Eligibility Criteria

Sex
ALL
Age
18 Years - N/A
Healthy Volunteers
Not accepted

Interventions

  • Irinotecan — DRUG
    3 weekly IP irinotecan (max 6 cycles), dose via dose-escalation design as specified per arm.
  • CAPOX — DRUG
    Capecitabine 1000 mg/m2 twice daily day 1-14 (per os), and Oxaliplatin 130 mg/m2 on day 1 IV infusion.

Study Details

Gastric cancer with peritoneal carcinomatosis has a poor prognosis, with little treatment options available. The current treatment strategy consists of palliative systemic chemotherapy. However, previous research suggests that systemic chemotherapy is less effective against peritoneal carcinomatosis than against metastases that spread hematogenously. Several studies suggested that in patients with peritoneal carcinomatosis, intraperitoneal chemotherapy (IP) may be superior compared to intravenous chemotherapy.
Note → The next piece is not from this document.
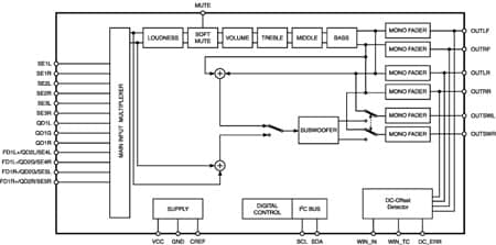 4 independent soft step speaker controls +15 dB to -79 dB with 1 dB steps Direct mute - Treble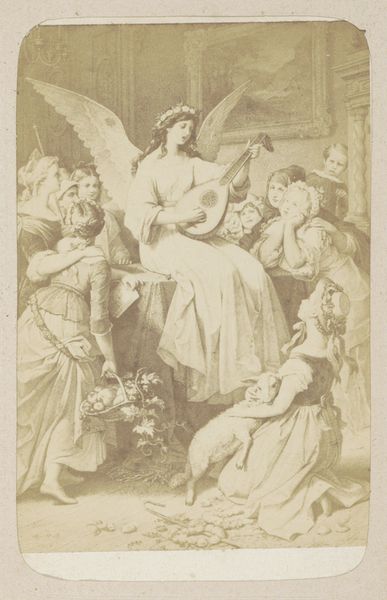 This anonymous photograph captures a scene from Goethe's "Wilhelm Meister's Apprenticeship," rendered in sepia tones. Notice how the composition arranges the figures around a central, winged musician, likely representing Mignon. The framing of the photograph emphasizes the theatrical nature of the scene, the subjects arranged as if on a stage. The photograph’s structure uses light and shadow to create depth, drawing our eye toward the ethereal figure at the center. The contrast between the detailed foreground figures and the softer background adds a sense of ethereal distance, enhancing the scene's symbolic weight. The act of reproduction itself—turning a literary scene into a photograph—invites us to consider the interplay between different forms of representation and how the meaning changes as we transition between them. The photograph thus becomes not just an illustration of a scene but an examination of how art and literature create and reflect our understanding of the world.

Intraperitoneal chemotherapy could lead to higher concentrations of chemotherapy in the peritoneal cavity for a longer period of time, resulting in an increased cumulative exposure to the peritoneal metastases. A few Asian studies have shown promising results with intraperitoneal chemotherapy in patients with peritoneal carcinomatosis of gastric origin. However, intraperitoneal chemotherapy combined with systemic chemotherapy has not been investigated in Western patients with peritoneal carcinomatosis of gastric origin yet. The objective of this trial is to establish the maximum tolerated dose (MTD) of intraperitoneal administration of irinotecan, added to systemic capecitabine/oxaliplatin (CAPOX) in patients with peritoneal carcinomatosis of gastric origin.

Key Dates

Start date
May 25, 2022
Status verified
Mar 2025
Primary completion
Nov 25, 2024
Completion
Feb 17, 2025

Study Design

Enrollment
20 participants (actual)
Allocation
NON_RANDOMIZED
Intervention model
SEQUENTIAL
Primary purpose
TREATMENT

Arms

  • Experimental: Intraperitoneal irinotecan 50 mg + CAPOX
    Intraperitoneal irinotecan, dose level 1 50 mg flat dose + oral capecitabine and systemic oxaliplatin (CAPOX) (dose via standard of care)
  • Experimental: Intraperitoneal irinotecan 75 mg + CAPOX
    Intraperitoneal irinotecan, dose level 2 75 mg flat dose + oral capecitabine and systemic oxaliplatin (CAPOX) (dose via standard of care)
  • Experimental: Intraperitoneal irinotecan 100 mg + CAPOX
    Intraperitoneal irinotecan, dose level 3 100 mg flat dose + oral capecitabine and systemic oxaliplatin (CAPOX) (dose via standard of care)
  • Experimental: Intraperitoneal irinotecan 150 mg + CAPOX
    Intraperitoneal irinotecan, dose level 4 150 mg flat dose + oral capecitabine and systemic oxaliplatin (CAPOX) (dose via standard of care)
  • Experimental: Intraperitoneal irinotecan 200 mg + CAPOX
    Intraperitoneal irinotecan, dose level 5 200 mg flat dose + oral capecitabine and systemic oxaliplatin (CAPOX) (dose via standard of care)
  • Experimental: Intraperitoneal irinotecan 250 mg + CAPOX
    Intraperitoneal irinotecan, dose level 6 250 mg flat dose + oral capecitabine and systemic oxaliplatin (CAPOX) (dose via standard of care)

Primary Outcome Measure

Maximum-tolerated dose [ Time Frame: 18 weeks ]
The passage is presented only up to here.